The following is just a basic definition in Invariant Theory, which I copied from wikipedia
"Let $G$ be a group, and ${\displaystyle V}$ a finite-dimensional vector space over a field ${\displaystyle k}$ (which in classical invariant theory was usually assumed to be the complex numbers). A representation of ${\displaystyle G}$ in ${\displaystyle V}$ is a group homomorphism ${\displaystyle \pi :G\to GL(V)}$, which induces a group action of ${\displaystyle G}$ on ${\displaystyle V}$. If ${\displaystyle k[V]}$ is the space of polynomial functions on ${\displaystyle V}$, then the group action of ${\displaystyle G}$ on ${\displaystyle V}$ produces an action on ${\displaystyle k[V]}$ by the following formula:
${\displaystyle (g\cdot f)(x):=f(g^{-1}(x))\qquad \forall x\in V,g\in G,f\in k[V].} $"
I did not quite understand the group action at the end. I mean, we need to prove $((gh)\cdot f)(x)=g\cdot (h\cdot f)(x)\qquad \forall x\in V,g,h\in G,f\in k[V]$
I have two ways to understand the right hand side:
1) $g\cdot (h\cdot f)(x)=g\cdot f(h^{-1}(x))=f(g^{-1}h^{-1}x)$
2) $g\cdot (h\cdot f)(x)= (h\cdot f)(g^{-1}x)=f(h^{-1}g^{-1}x)$
Of course, to make this a group action, the second way is correct. However, I want to ask how can one just look at $g\cdot (h\cdot f)(x)$ and tell which way is correct? In fact, I think the first way is more rational as we need to compute $h\cdot f$ first.
Thank you in advance
$ g \cdot (h \cdot f) (x) $ is by definition the evaluation of $ g \cdot (h \cdot f) $ on $ x $ .
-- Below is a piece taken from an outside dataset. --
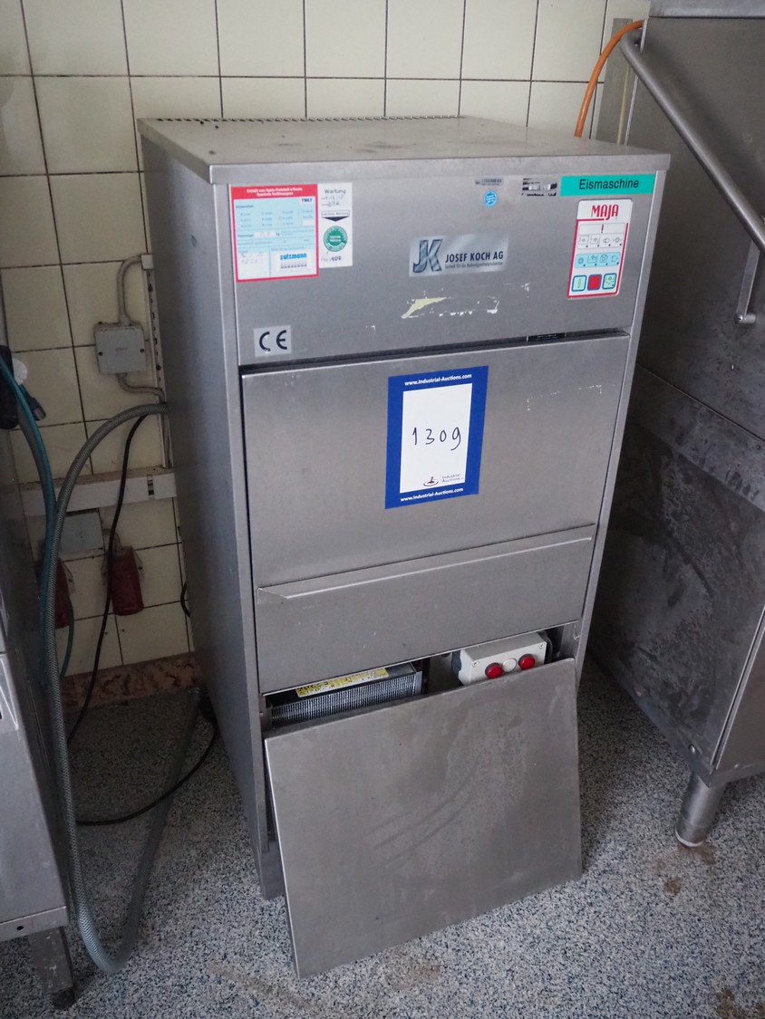 Maja ice machine, machine type: SA 70, machine number: 32227, year of construction: 2003, 230 V, 1 Ph, 50 Hz, 3.9 A, 0.53 kW, refrigerant: R404A, capacity: 70 kg per 24 hours, dimensions: 600 mm x 700 mm x 1270 mm.

This function is of the form $ g \cdot m $ for $ m = h \cdot f $, thus by definition it evaluation on $ x $ is $ m(g^{-1}x) $ .
This is the evaluation of $ h \cdot f $ on $ g^{-1} x $ which is by definition $ f(h^{-1} (g^{-1}x)) =f (h^{-1}g^{-1}x) $ .
So there is only one way to evaluate this, the other one is a common mistake.